またまた朝日新聞の「声」に投稿したボツ原稿である。投稿して1週間になり、何の反応もないから、もうボツになったものと思って良いだろう。このところ同欄はボツ続きである。内容にユニークさがないのかも知れないし、ここ2年弱の間に、同じような種類の拙稿が3回掲載されているので、同一人物への偏りを避けるという要素もあるのかも知れない。
 なお、字数の関係もあるので、投稿原稿自体は少し短縮したものだったが、私の真意を伝えるという意味で、以下は、短縮前の草稿である。
 とにかく、最近腹立たしい種には、ことを欠かない。

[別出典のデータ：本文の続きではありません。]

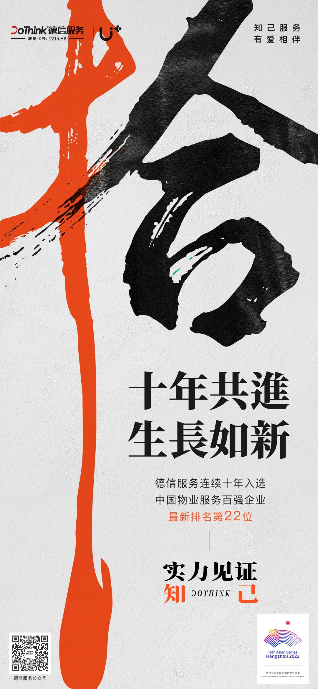 10年百强,不是功劳簿,而是责任书。10年百强,是德信服务在物业管理行业不断探索幸福之路,升级服务体验获得的行业认可。未来,德信服务将永葆初心,用服务力量精心浇灌幸福之花,让百万知己共享有爱生活。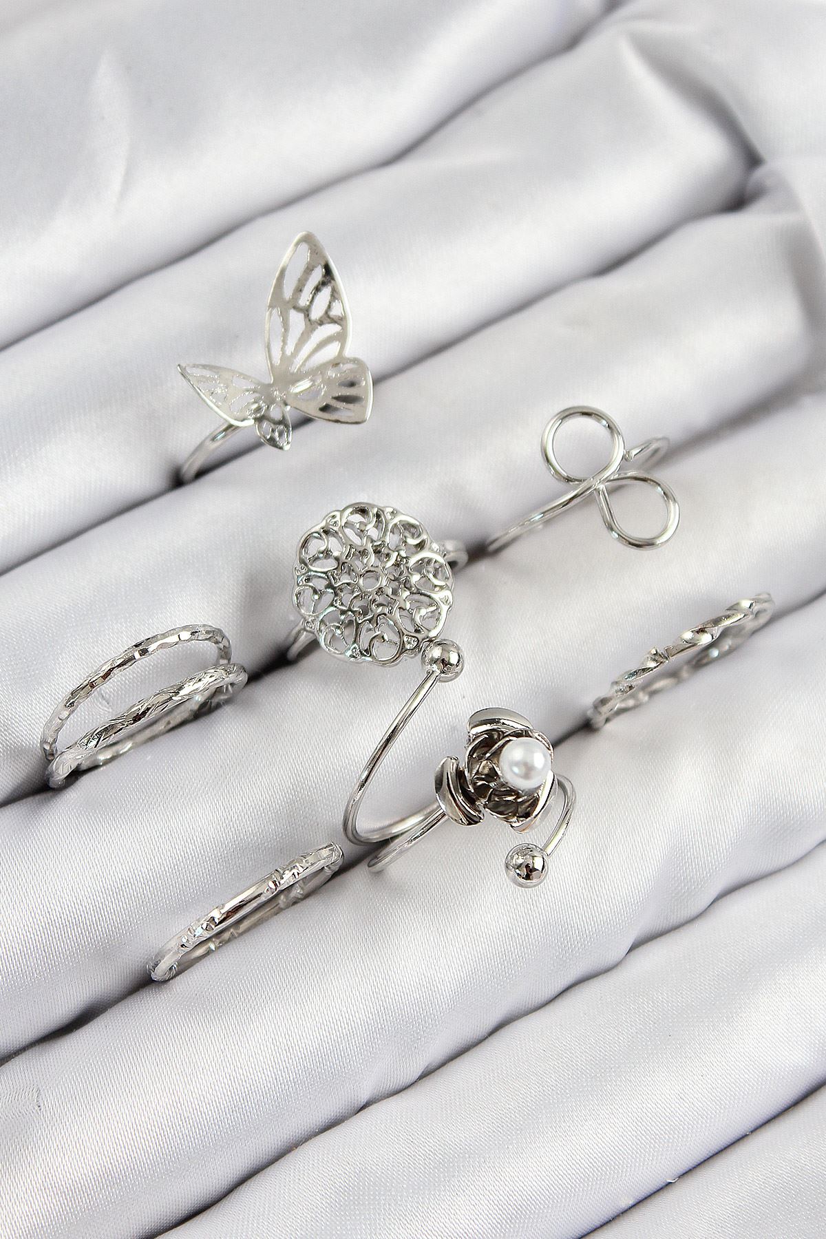 Pirinç Gül Kelebek Model Gümüş Renk Kadın Yüzük Kombin Set - TJ-BYK3810

私が嫌がらせの年齢になったのかも知れないが、それにしてもお粗末かつ嘆かわしい世相ではある。


      島村農水大臣のお粗末な発言

 7月23日の新聞によれば、島村農林水産大臣が、前日福岡市で開かれたタウンミーティングで、靖国問題に関し「中国の言いたい放題だが、私なら『あなたがたの国も日本を攻めたことがある』と反論する」旨発言し、中国の対応を批判されたそうだ。呆れてものが言えない。
 おそらく「元寇」のことを念頭においているのだろうが、古い古い歴史的事実と生々しい第二次大戦とを同列に置いていることは、荒唐無稽というしかない。ほかにも両者の違いは多々あるが、いちいち列挙するまでもないだろう。

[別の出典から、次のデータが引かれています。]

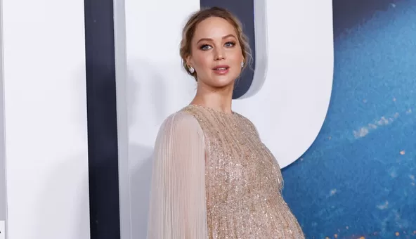 La estrella de 31 años, ganadora del Óscar, Jennifer Lawrence, deslumbró, con un vestido dorado, en la Alfombra Roja del estreno de su película más reciente ‘No Miren Arriba’, mostrándonos su barriga, en la dulce espera de su primer hijo con su esposo Cooke Maroney.

 この発言は、「日本人の若者への歴史教育の必要性」というテーマで飛び出したものらしいが、この程度の歴史認識の人が「歴史教育」について語るということが、そもそもナンセンスであり、島村大臣が「自分には見識がある」と考えておられたのだとすれば、それは思い上がり以外の何物でもない。

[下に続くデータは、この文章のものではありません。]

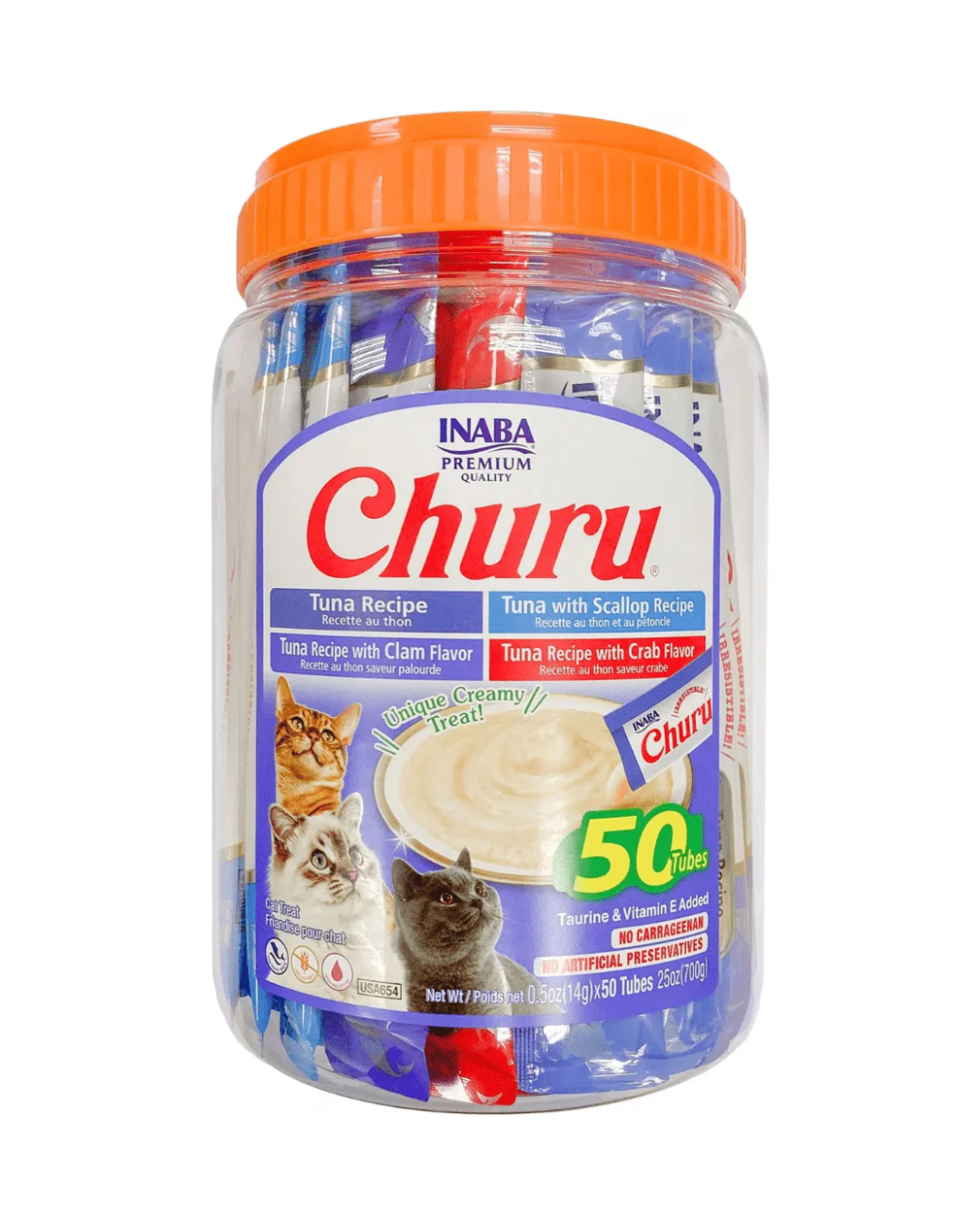 Inaba Churu Premios Variedad de Mariscos Bote de 50 Tubos 14gr

 もう一つ、ある意味ではより基本的な問題は、島村氏が「国益を大事にしなければならない閣僚だ」ということを認識されず、無責任な放言をしているという点である。いかなる意見をお持ちであろうと、「国を代表する閣僚」だという認識のない言動は、お粗末極まりない。本当に必要なことであれば、相手を刺激することもやむを得ない場合もあろうが、この場合はそうではなく、「百害あって一利なし」という思慮分別を欠いた発言である。しかも、自分の所管事項ではなく、責任をとれない立場の「農水大臣」の発言である。これが小泉政権の体質なのだとすれば、一大臣の放言に止まらず、由々しい問題だと思う。<8月10日の追記>
 島村大臣は、「国会解散」の閣議で署名を拒否し、小泉総理により罷免された。この点は、高く評価したい。「お粗末な発言」がこれで帳消しになるわけではないが、閣内にあって唯一気骨のある人物だと少し見直した。それにしても、ほかの大臣連中の何とだらしないことか。